Using Word2Vec with LSTM RNN?

cooganb · November 28, 2017, 8:15pm

Hi friends!

I’m using an LSTM RNN to do character generation similar to the Shakespeare generator. My characters are encoded in a one-hot vector.

I want to experiment with word-level analysis. My question is: can I train a word2vec model on my corpus and use that to embed the corpus before feeding it into the LSTM RNN model?

I’ve tried using embedding on my own and, no surprise, the accuracy does not get any better. I’m assuming this is because there’s no inherent “meaning” in the embedding.

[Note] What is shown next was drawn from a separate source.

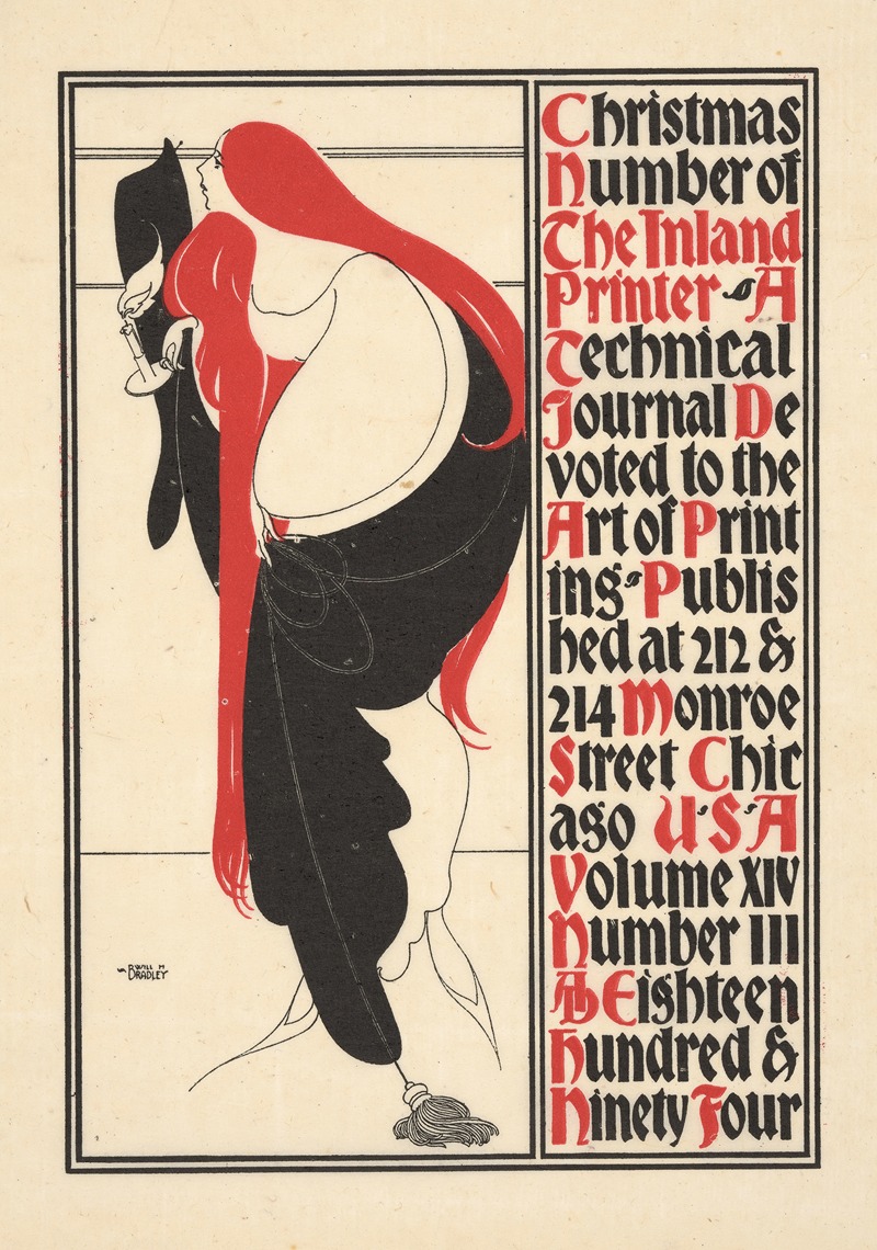 Will Bradley's cover design for the Christmas issue of The Inland Printer (vol. XIV, no. 3, 1894) is a notable example of American Art Nouveau. Bradley, often referred to as the "Dean of American Designers," was a prominent illustrator, typographer, and graphic artist during the late 19th and early 20th centuries. His work on The Inland Printer, a trade publication for the printing industry, is widely regarded as a milestone in the history of graphic design.

If I can create “meaning” by training my own word2vec on the corpus, would that help the LSTM RNN train?

Thanks in advance for your time,
C

SimonW · November 28, 2017, 8:49pm

Using word2vec is fine.

I’m a bit doubtful about your argument of “no inherent meaning”. Embeddings are trained together with RNN. So they should adapt to have some sort of meaning. Are you saying that your word-level model (with embedding) gives similar performance with char-level model? Perhaps try increasing embedding dimension or hidden size? Using larger amount of training data can also probably help.

cooganb · November 29, 2017, 2:39am

Thanks so much for the reply!

My word-level model (with embedding) gave really poor performance and then didn’t increase accuracy over time. Now, I had it on a very small embedding dimension (10), could that have been the problem?